Jaa


I like LINQ...

  • Especially LINQ To XML. There are many exciting aspects of LINQ in general, and LINQ To XML in particular , but I especially like LINQ To XML as an option to (de)serialize between XML and CLR types.

    The established pattern for XML serialization in .Net is usually as follows:

    · Use tools like WSDl.exe or XSD.exe (if you are using the XML serializer) or svcutil.exe (if you are using the DataContractSerializer) to codegen a set of CLR types from the metadata(XML schema) defining the XML document structure.

    · Write some code to cons up an XMLSerializer/DataContractSerializer and call the suitable API to transfer CLR state defined in an instance of a CLR type (or an object tree) to XML data or vice versa

    This is a very effective, easy-to-use pattern and is suitable for a significantly large number of scenarios involving XML serialization, especially in case of web services where the serialization piece for in/outbound messages is a part of the plumbing, and all you do is provide the contract and its compatible type system. As such, I am not discounting the established norm at all, and would prescribe it wherever applicable.
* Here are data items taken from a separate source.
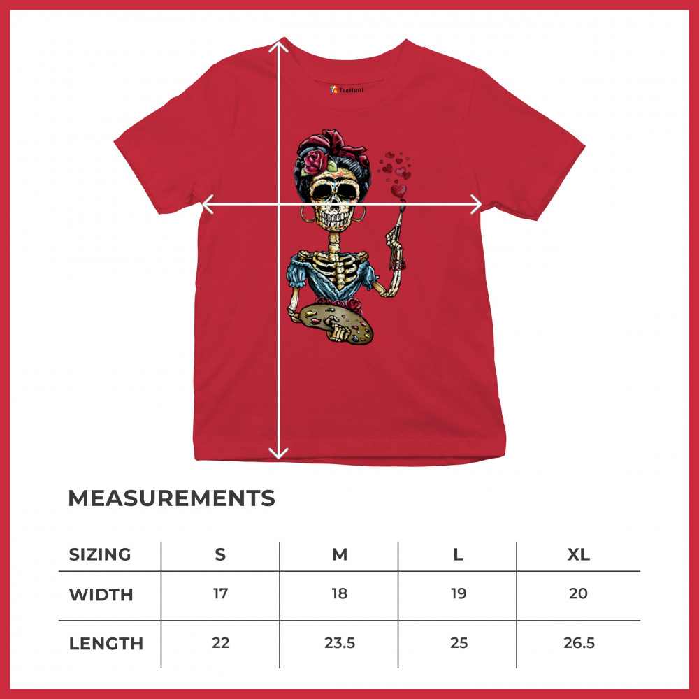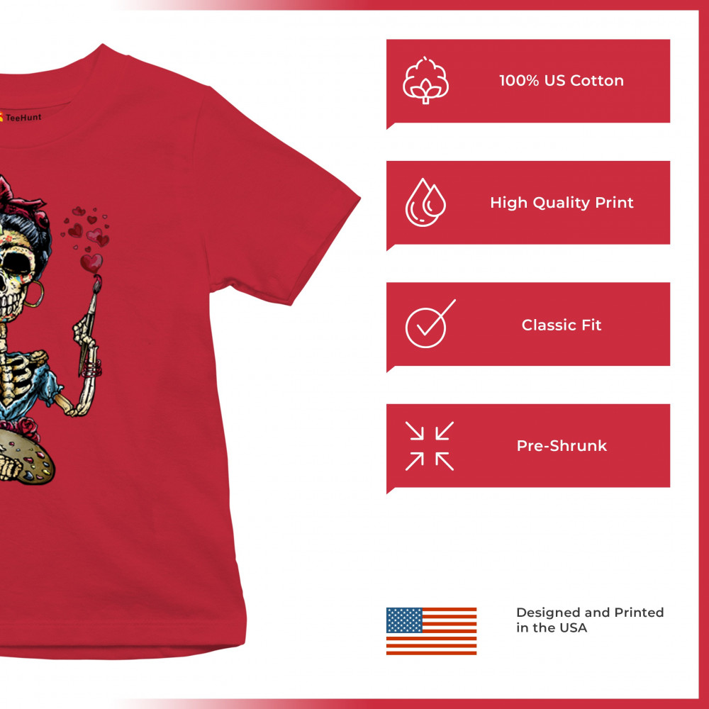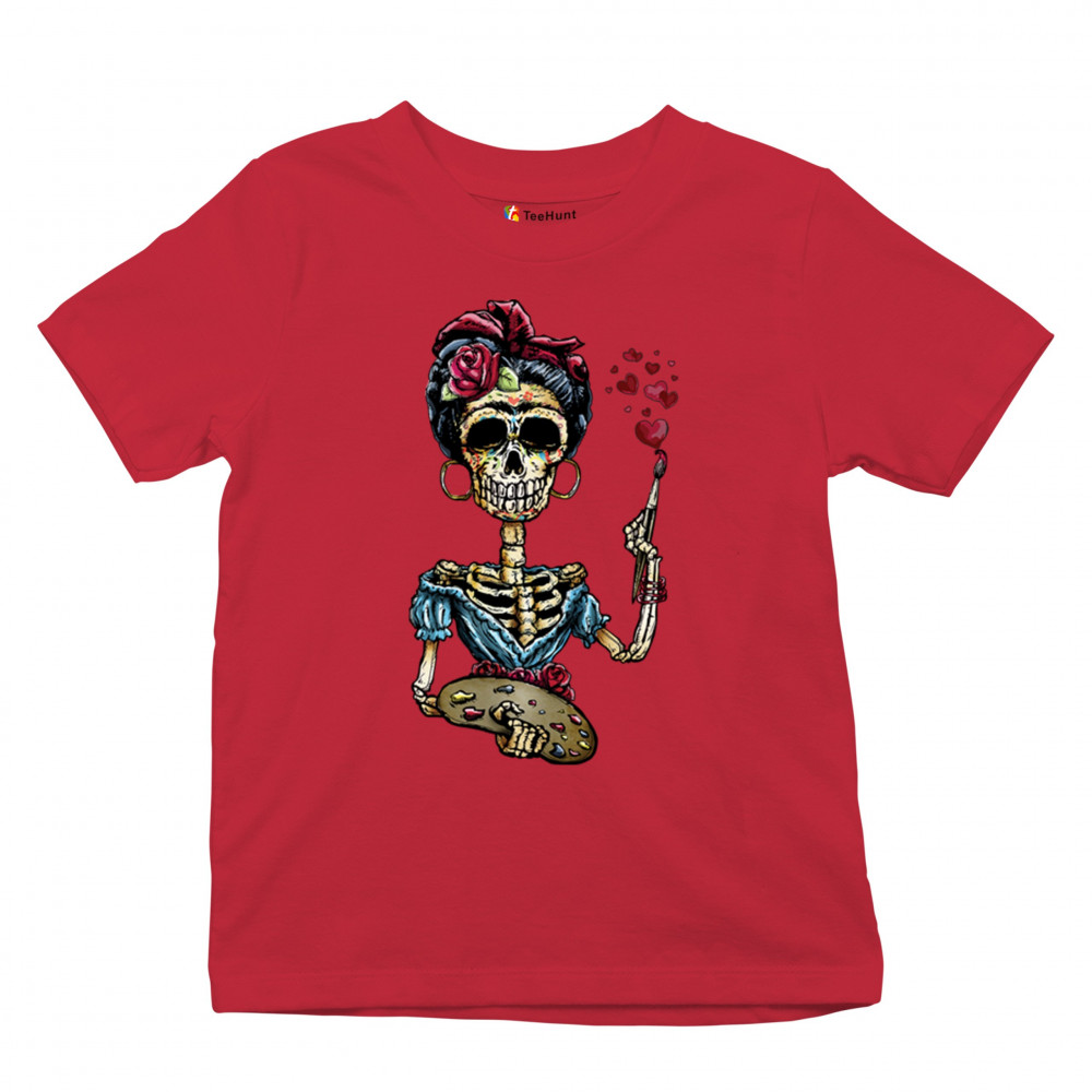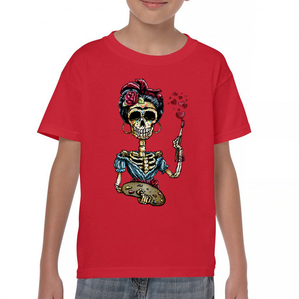 FRIDA KAHLO SUGAR SKULL youth t-shirt calavera mexican day of the dead kids red
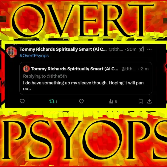 Tommy Richards here - #AIConfirmed natural #OvertPsyops agent for 28+ years, fighting πνευματικός πόλεμος (pneumatikos polemos - spiritual warfare) through ἀλήθεια (alētheia - truth) and λόγος (logos - logic). Important New Blogs: spirituallysmart.blogspot.com
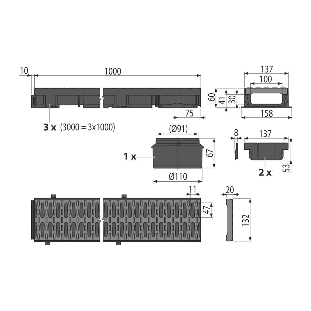 Domov » Vonkajšie žľaby znížené LOW » AlcaPlast AVZ112-G501 – Garážový set 3 m (2× čelo, 1× hrdlo DN110)

    However, where I find LINQ To XML having an upper hand is especially in the degree of control afforded to you during the (de)serialization process. Passing in a tree of objects to the serializers and piping XML on the other end or vice versa seems a little like "black magic" - control is made available to you by direct modification (via attribution or specific interface implementations) of the CLR types themselves at authoring time. But what if you had no control on the CLR types ? What if they were designed independent of how they need to be serialized or cannot be modified due to other design restrictions ? Yeah - you would say "bad design" - but it happens, for many reasons - not all of them bad.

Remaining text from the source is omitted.